In conclusion, our findings indicated that intrathoracic effusion, IPI or aaIPI, regimen, the level of LDH, albumin level, bulky mass and therapy response were prognosis factors of Pre-T-LBL. For patients less than 40 years old, therapy response and albumin level were independent prognosis factors. As for patients aged ≥40 years old, prognosis factors included anemia at diagnosis, involvement of bone marrow and therapeutic response. New prognostic evaluation factors should be explored for patients aged ≥40 years.

Materials and Methods

Patients

Fifty-nine patients with precursor T-lymphoblastic lymphoma/leukemia (Pre-T-LBL) were diagnosed at the First Affiliated Hospital of Zhengzhou University from 12/2010-12/2015. All patients were divided into two groups (≥40 vs <40 year old) according to older or younger than 40 years. All biopsy specimens were reviewed and confirmed according to the WHO criteria16 for Pre-T-LBL diagnosis. The pathological sections were reclassified by hematopathologist. The criteria for case inclusion were: (1) Histologically confirmed diagnosis of Pre-T-LBL (Cells with diffuse growth and medium size, have a small amount of cytoplasm. The entire structure of the lymph nodes is destroyed and accompanied by the film involved. And “Star” phenomenon can be found. In the part of the subcortical area involving, residual germinal center can be seen. Distorted nuclei, mitotic figures can be discovered in most of the primitive cells. (2) Pre-T-LBL cell type confirmed using immunohistochemistry or flow cytometry (Pre-TdT positive with variable expression of CD1a, CD2, CD3, CD4, CD5, CD7, and CD8. Cytoplasmic CD3 and CD7 are often positive). (3) No previous malignancy. (4) No previous treatment for lymphoma. (5) Adequate clinical information.

On paraffin sections, the positivity of terminal deoxynucleotidy transferase (TdT) had been observed in 86.5% of cases. In addition to TdT, all cases variably expressed CD3, CD4, CD5, CD7, CD8, CD34 and CD99. It’s necessary for TdT negative expression cases to detect other markers, such as CD99, CD34. Before therapy, the following clinical procedures should be performed: physical examination, laboratorial tests including complete blood count, serum lactate dehydrogenase (LDH), bone marrow (BM) examinations, computerized tomography (CT) or positron emission computed tomography (PET) of the chest, abdomen, pelvis. What’s more, the international prognostic index (IPI) or age adjusted international prognostic index (aalPI) were also evaluated. The clinical staging was defined in accordance with the Ann Arbor system. Both the institutional review board and ethics committees of First Affiliated Hospital of Zhengzhou University approved this study.
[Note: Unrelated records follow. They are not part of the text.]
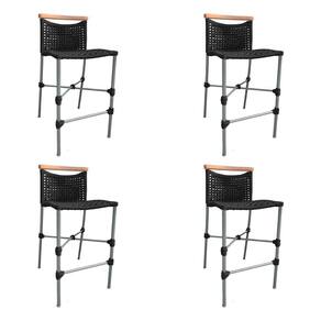 IMAGENS MERAMENTE ILUSTRATIVAS REALIZADO EDIÇÃO, PODENDO HAVER UMA PEQUENA VARIAÇÃO DE COR DEPENDENDO DE CADA TELA OU MONITOR.Kit 4 Banquetas Anne em Corda NÃutica Base em AlumÃnio Cinza com Detalhe em Madeira Preta
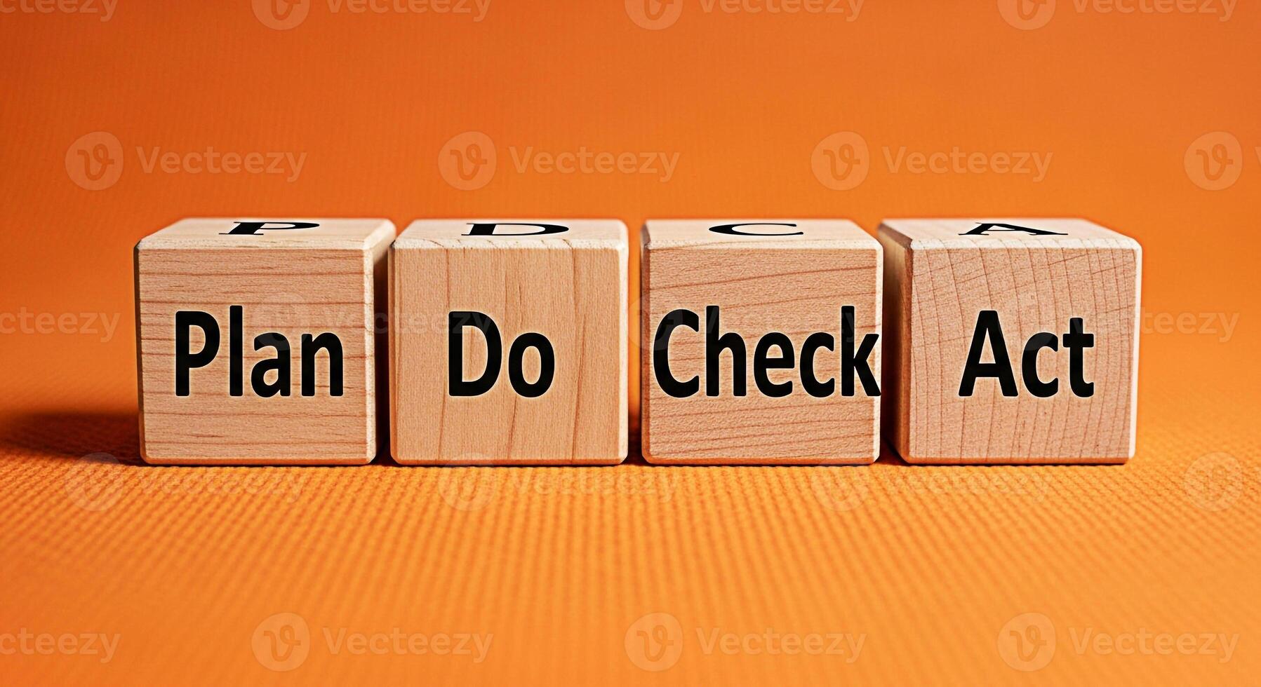 Wooden blocks displaying Plan Do Check Act on an orange surface illustrating the iterative fourstep management method used in business for the control and continuous improvement of processes and produ Pro Photo
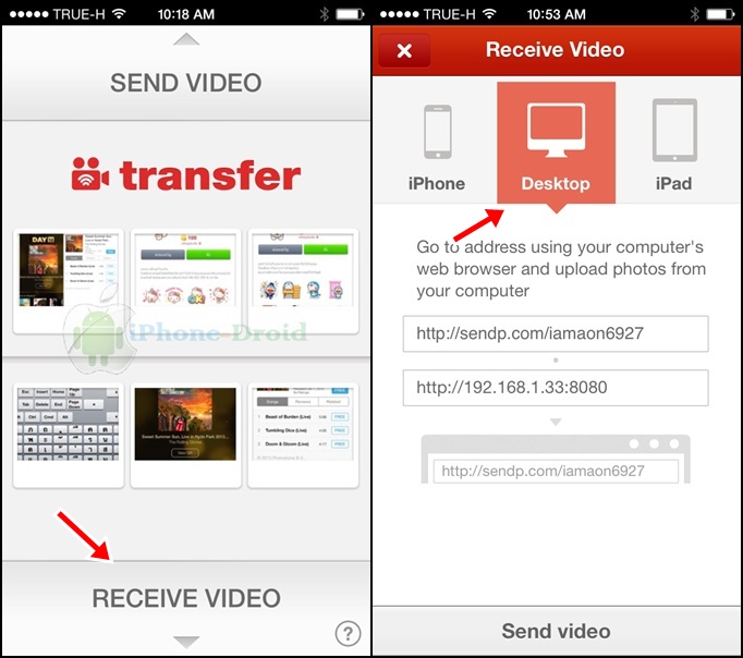 มาดูวิธีส่งภาพหรือวีดีโอเข้าไปที่คอมพิวเตอร์กันบ้าง เลือกไปที่ Sent to Computer จากนั้นพิมพ์ address ที่ browser ที่เราใช้บนคอมตามที่แอพกำหนดให้แบบด้านล่างนี้นะครับ
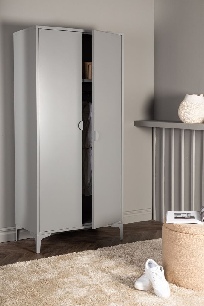 Förnya ditt rum med Venture Home Piring Förvaringsgarderob, en stilren och funktionell lösning för ditt hem. Denna garderob i elegant grått stål har en robust konstruktion med två dörrar som öppnar upp till fyra rymliga hyllplan. Perfekt för förvaring av allt från kläder till accessoarer och mer därtill.
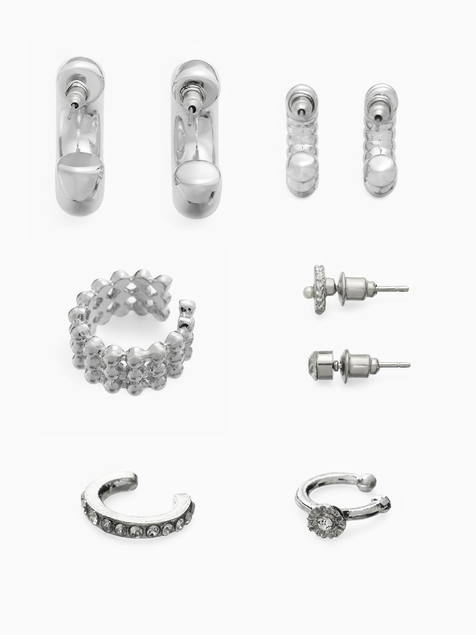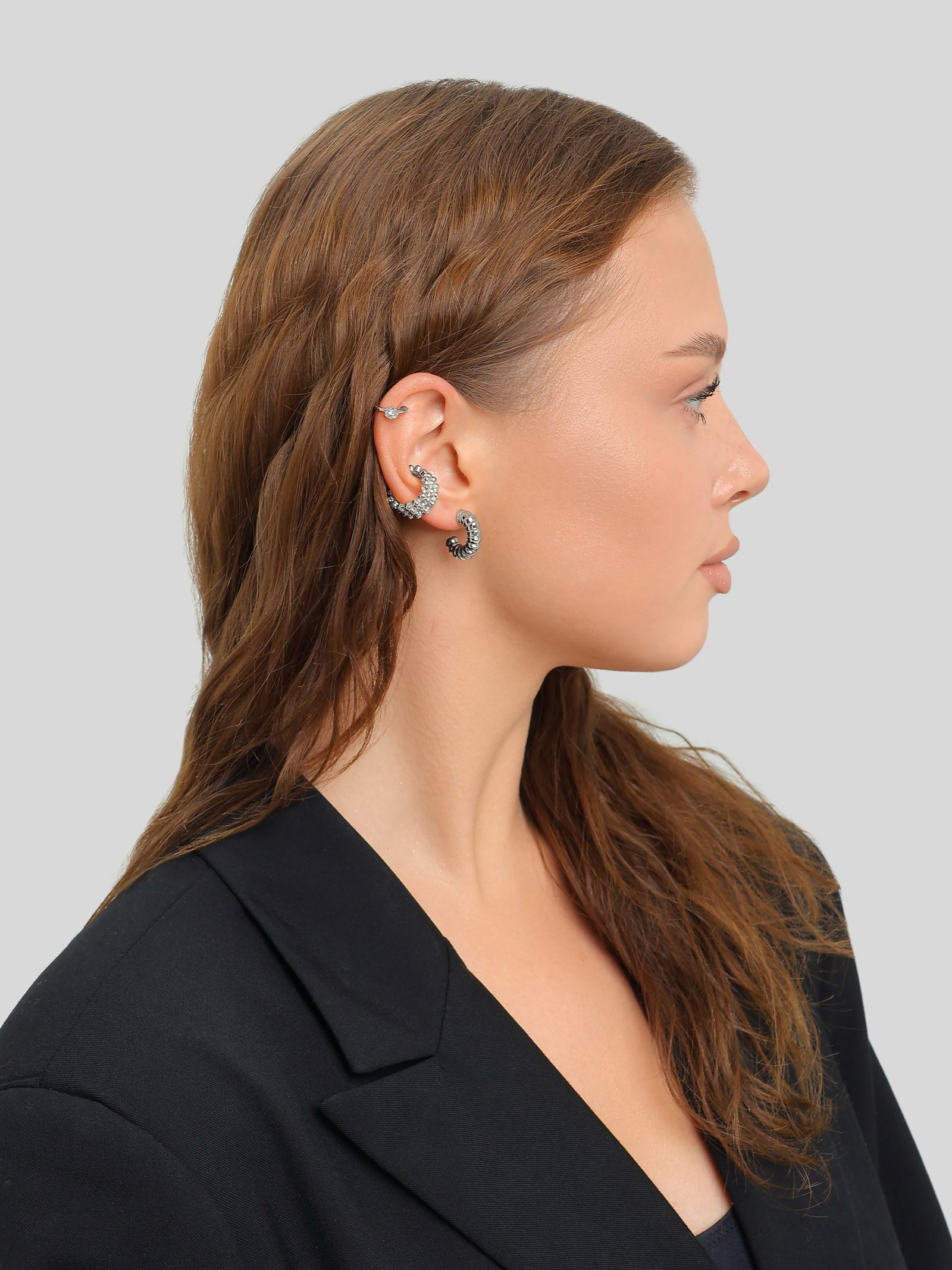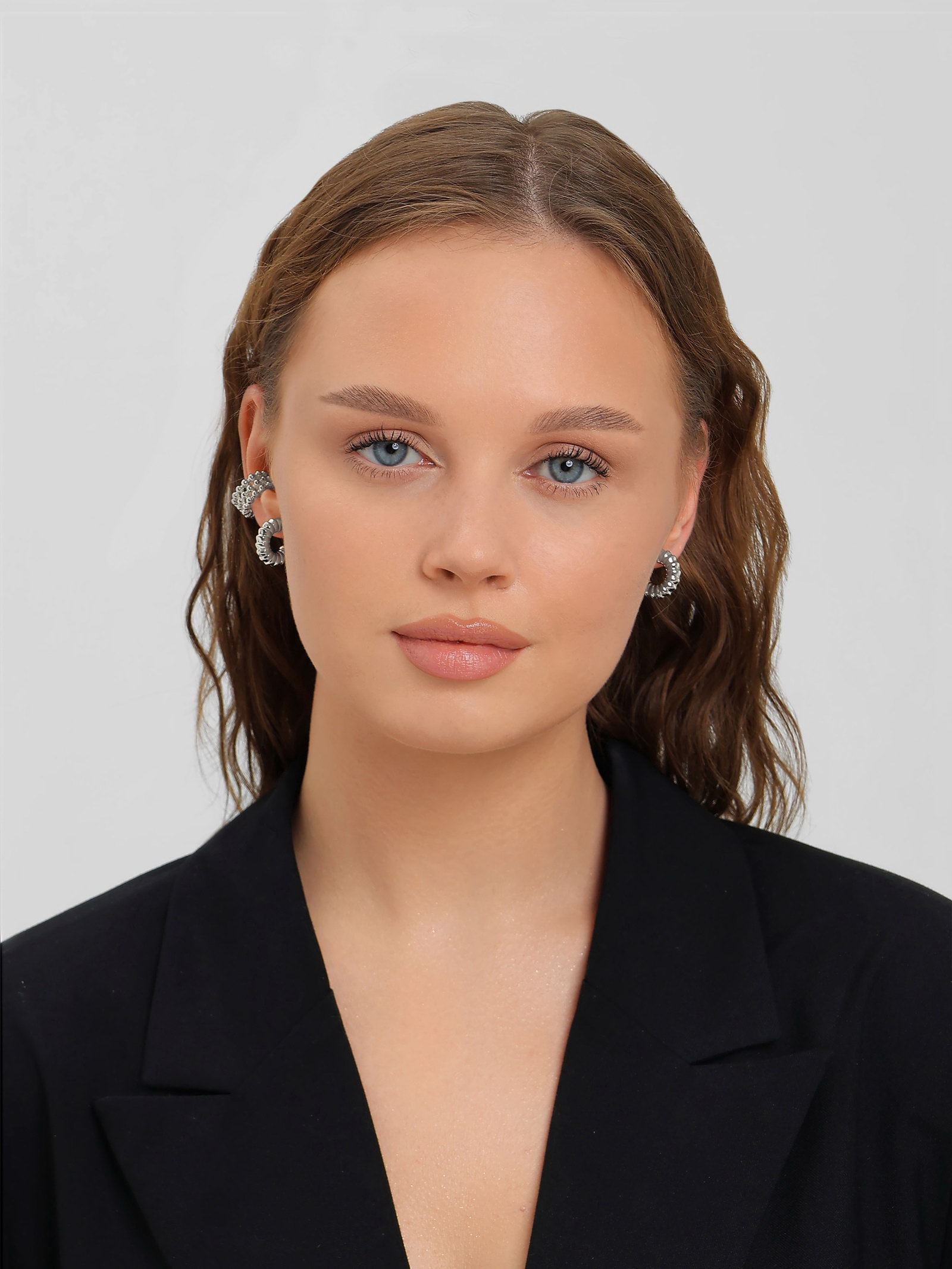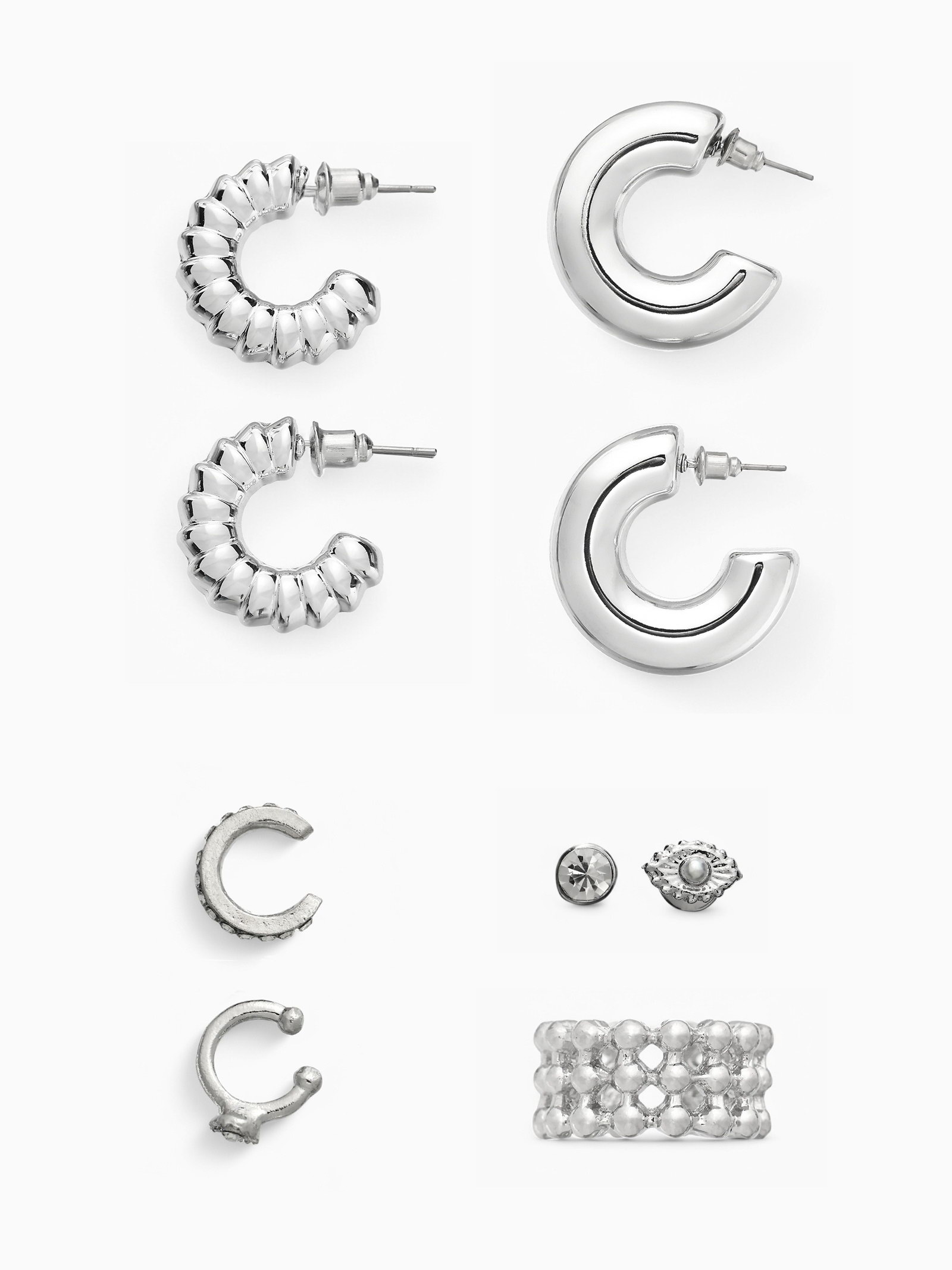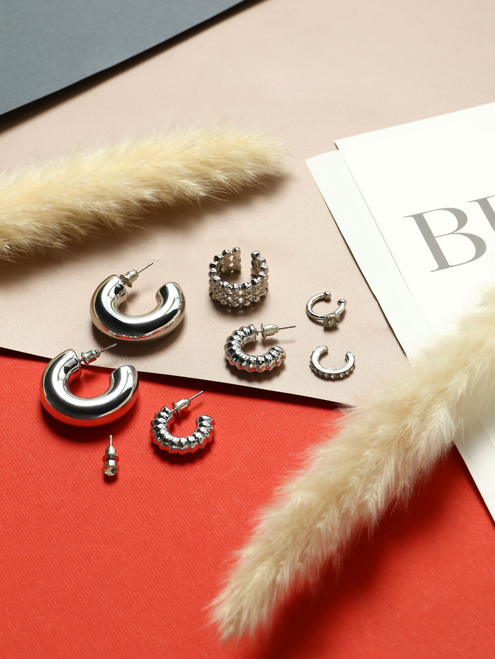 Серьги и кафф "Бублик", набор 9 шт. цвет серебро, 5.5x8.5x1 см., QF, Китай
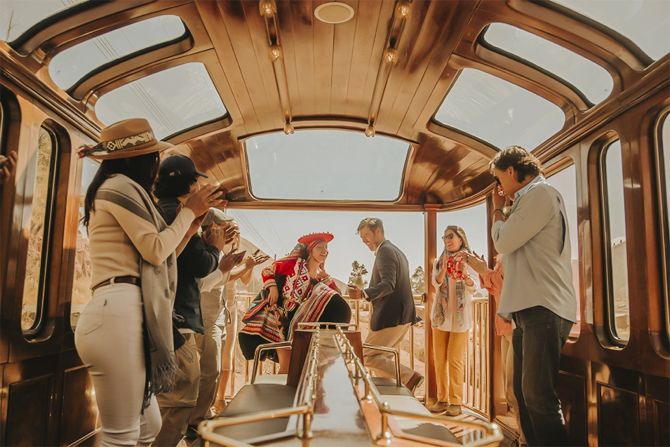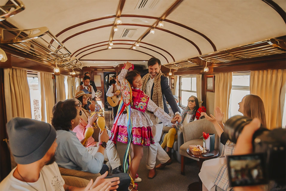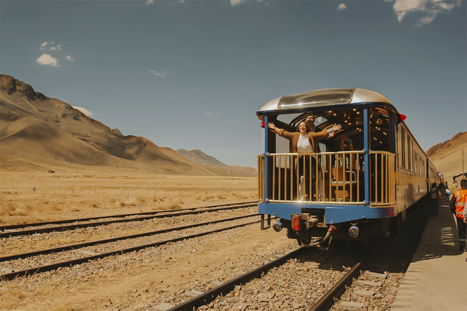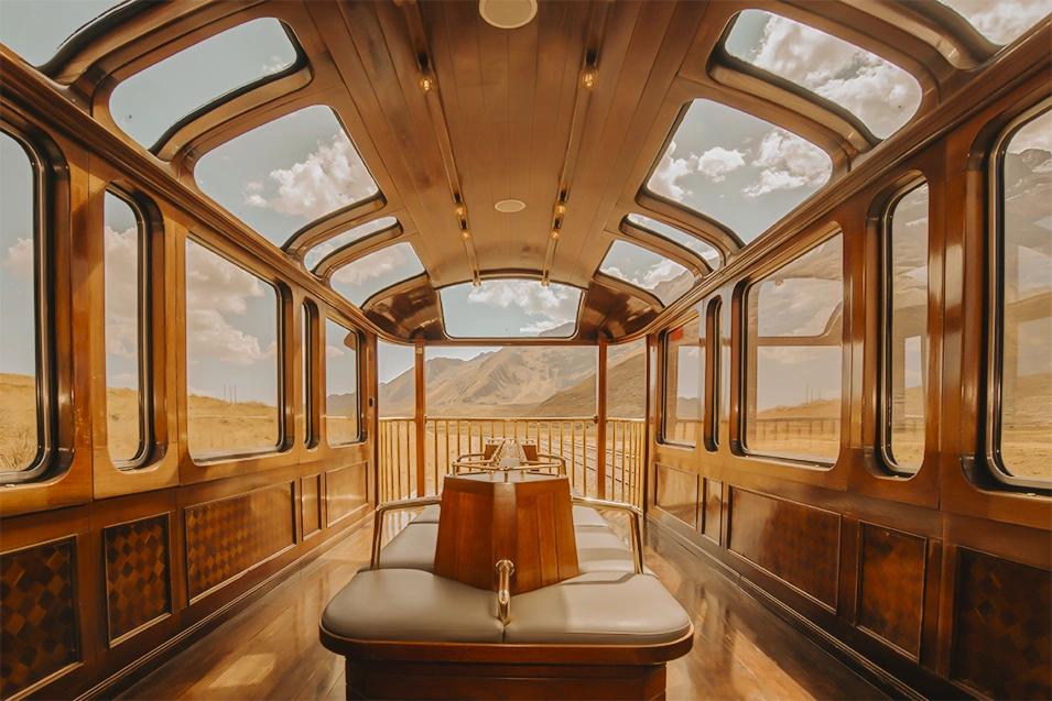 Your Andean plains Peru itinerary begins in Arequipa, a White city built from volcanic stone from the nearby volcanoes. As you take the luxury train, the pace of travel changes immediately. There is no rushing around in this part of the world. The highland landscapes open up slowly, and so do you as you gain in altitude, the world slows down. As you get settled into your private cabin, the train glides across the Andean plains. The wide window frames offer views of grazing vicuñas, distant volcanoes, and skies that seem impossibly large. The shared spaces onthe train invite quiet conversation, observation, and reflection as all good adventures do. As evening arrives, you will be served a delicious dinner of Andean ingredients prepared with care, honoring highland flavors. Later, the bar car becomes a place of warmth and Peruvian folklore, where travelers exchange impressions as the train moves steadily toward Lake Titicaca. By nightfall, you will fall asleep, gently rocked by the movement of the train, the altitude, and the silence.
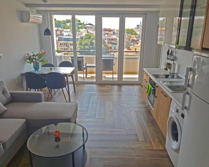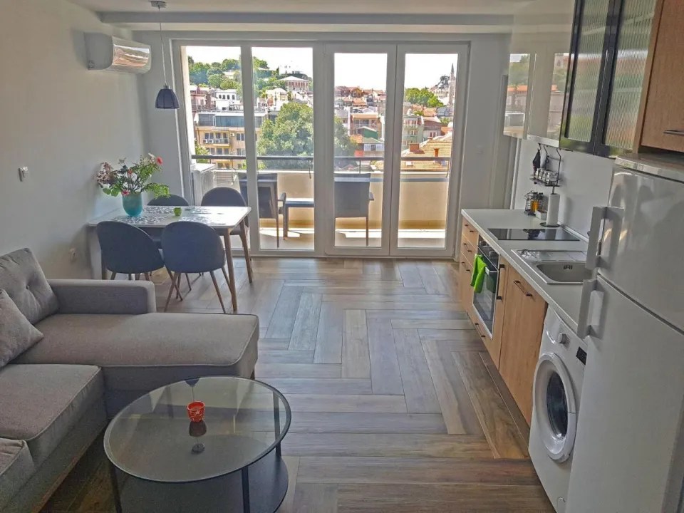 U centru Plovdiva, smešten u neposrednoj blizini Međunarodnog sajma Plovdiv i Rimskog pozorišta Plovdiv, Juzni Panoramski Apartman u umetničkoj četvrti Kapana nudi besplatan WiFi, klima uređaj i kućne pogodnosti kao što su rerna i aparat za kafu. Sa pogledom na vrt, smeštaj ima terasu. Apartman ima sadržaje za osobe sa invaliditetom.
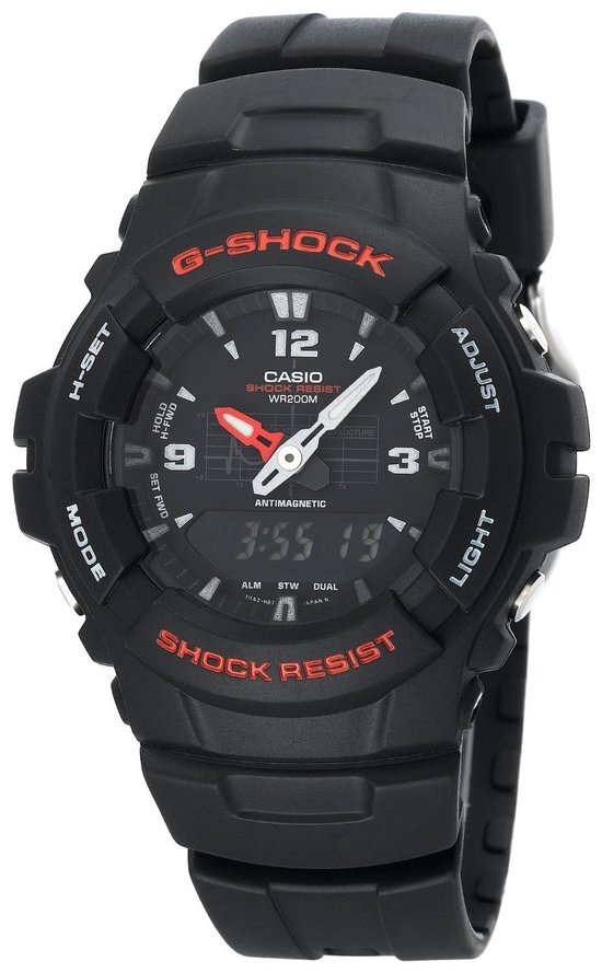 ขายด่วนๆ Casio Men's G100-1BV G-Shock Classic Ana-Digi Watch The Casio Story With the launch of its first watch in November 1974, Casio entered the wristwatch market at a time when the watch industry had just discovered digital technology. As a company with cutting-edge electronic technology developed for pocket calculators, Casio entered this field confident that it could develop timepieces that would lead the market. In developing its own wristwatches Casio began with the basic question, ""What is a wristwatch?"" Rather than simply making a digital version of the conventional mechanical watch, we thought that the ideal wristwatch should be something that shows all facets of time in a consistent way. Based on this, Casio was able to create a watch that displayed the precise time including the second, minute, hour, day, and month — not to mention a.m. or p.m., and the day of the week. It was the first watch in the world with a digital automatic calendar function that eliminated the need to reset the calendar due the variation in month length. Rather than using a conventional watch face and hands, a digital liquid crystal display was adopted to better show all the information. This culminated in the 1974 launch of the CASIOTRON, the world’s first digital watch with automatic calendar. The CASIOTRON won acclaim as a groundbreaking product that represented a complete departure from the conventional wristwatch.

Treatment and response assessment

Almost all patients received acute lymphoblastic leukemia (ALL) regimens, including dose-adjusted BFM-90 (DA-BFM-90) which was derived from BFM-90 (prednisone, Vincristine, daunorubicin, L-Asaraginase, cyclophosphamide, cytarabine, bleomycin), Hyper-CVAD (cyclophosphamide, vincristine, doxorubicin, and dexamethasone, alternating with high-dose methotrexate, and cytarabine). All the patients exhibited III/IV grade myelosuppression during remission induction. No death occurred due to toxicity. The treatment response was assessed after induction protocols of DA-BFM-90 or Hyper CVAD. According to Cheson 1999 criteria28, the curative effect was evaluated for complete remission (CR), partial remission (PR) and no response (NR).

Statistical analysis

Overall survival (OS) was calculated from the time of diagnosis until death from any cause. Progression free survival (PFS) was defined as the interval from the initiation of chemotherapy to the time of the first documented disease progression or recurrence. All patients underwent complete and effective follow-up. The Chi-square test was used to calculate statistical group comparisons of categorical variables. Survival analysis was performed using the Kaplan-Meier method, with comparisons using the log-rank test. Multivariate analysis with a Cox regression model was used to estimate the prognostic impact of different variables on OS and PFS. Value of P < 0.05 was considered significant, and all P values corresponded to two-sided tests. All statistical analyses were performed using SPSS 17.0 software.